Axial, Shear & Moment Diagrams

Axial, shear, and bending moment diagrams (AFD, SFD, and BMD) show the internal forces and moments along a structural member. They help determine the material, size, and type of a member given a set of loads it can support without structural failure.

Keeping a consistent sign convention is extremely important! We are going to define the positive sign convention as: To be consistent with our convention, BMDs are drawn on the compression side of the member. As shown in the the figure below, this means that the compression side of the member represents positive bending moment.The best way to learn AFDs, SFDs, and BMDs is to practice drawing them with a few examples. But before we do that, we should understand the following basics:

1. ΣForces = 0; ΣMoments = 0
2. Moment = Force x Distance
3. Shear = rate of change of moment (a.k.a derivative or slope of moment)
4. If shear is zero, bending moment is constant (can also be zero).
5. BMD is continuous. AFDs and SFDs may not be continuous.
6. Fixed ends have moment reactions. Pinned/roller ends do NOT have moment reactions, but they can have externally applied moment.
7. Trusses do NOT have shear force and bending moment diagrams. (Truss members only have axial forces: compression or tension.)
8. There is zero bending moment at a hinge.
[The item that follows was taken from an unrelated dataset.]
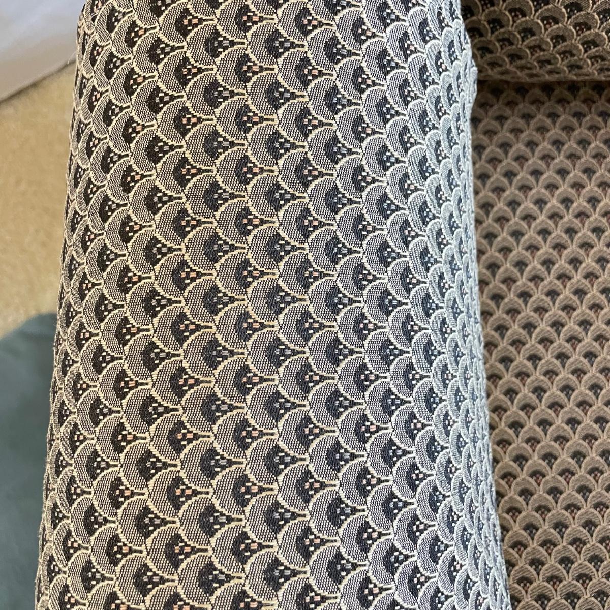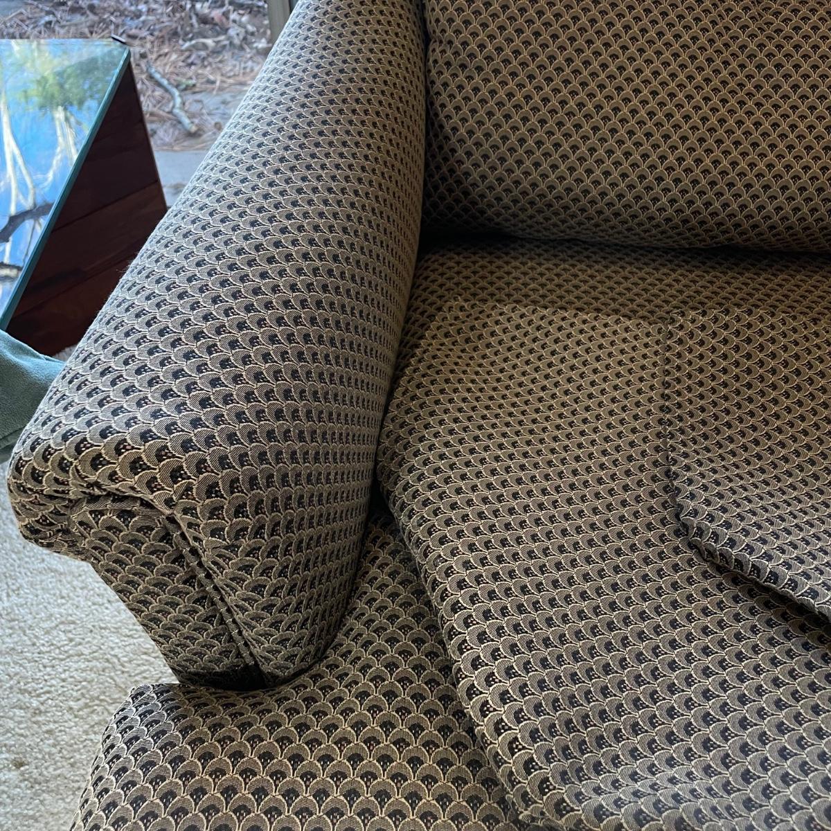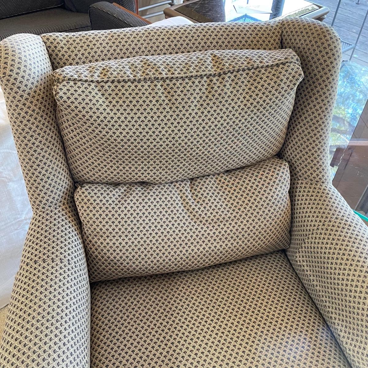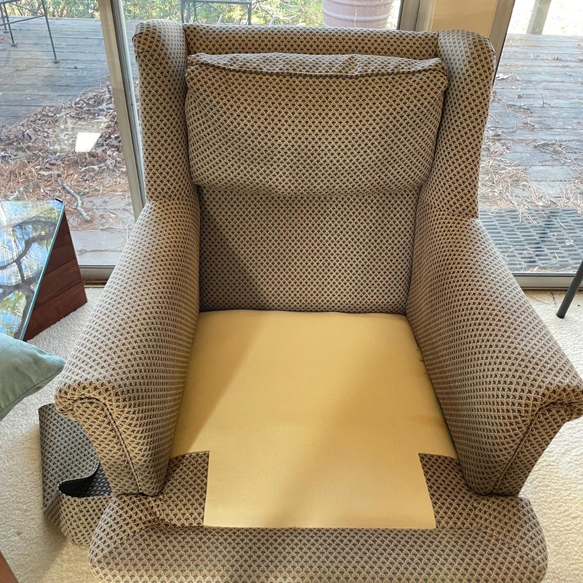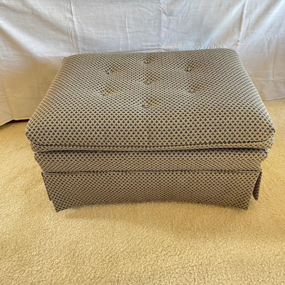 Upholstered wingback armchair with matching ottoman and throw pillow. Upholstery has a nice scale print and splashes of color. Cushions are more plush than firm. Minor blemishes are shown in photos. Chair measures approximately 30” x 33” x 34”H with an 18” seat height. Ottoman is approximately 30” x 21” x 18”H. Accent pillow is a nice celadon color, it appears to be a synthetic suede and has a couple pen marks. Local pick up only. Winning bidder must bring assistance to help move and load this item due to its weight and/or size. Items are on the main level, with just one step off the front porch to load.

All AFDs, SFDs, and BMDs follow these basic rules. We will refer to them as we go through the following main steps in each example:

1. Find the support reaction forces/moments.
2. Determine axial/shear forces.
3. Draw axial/shear force diagrams.
4. Determine bending moment.
5. Draw bending moment diagram.

Example 1

This is a beam with distributed and point loads. Before we begin, we should think about the following:

1. What are the bending moments at the supports?
2. What are the shapes of the AFD, SFD, and BMD?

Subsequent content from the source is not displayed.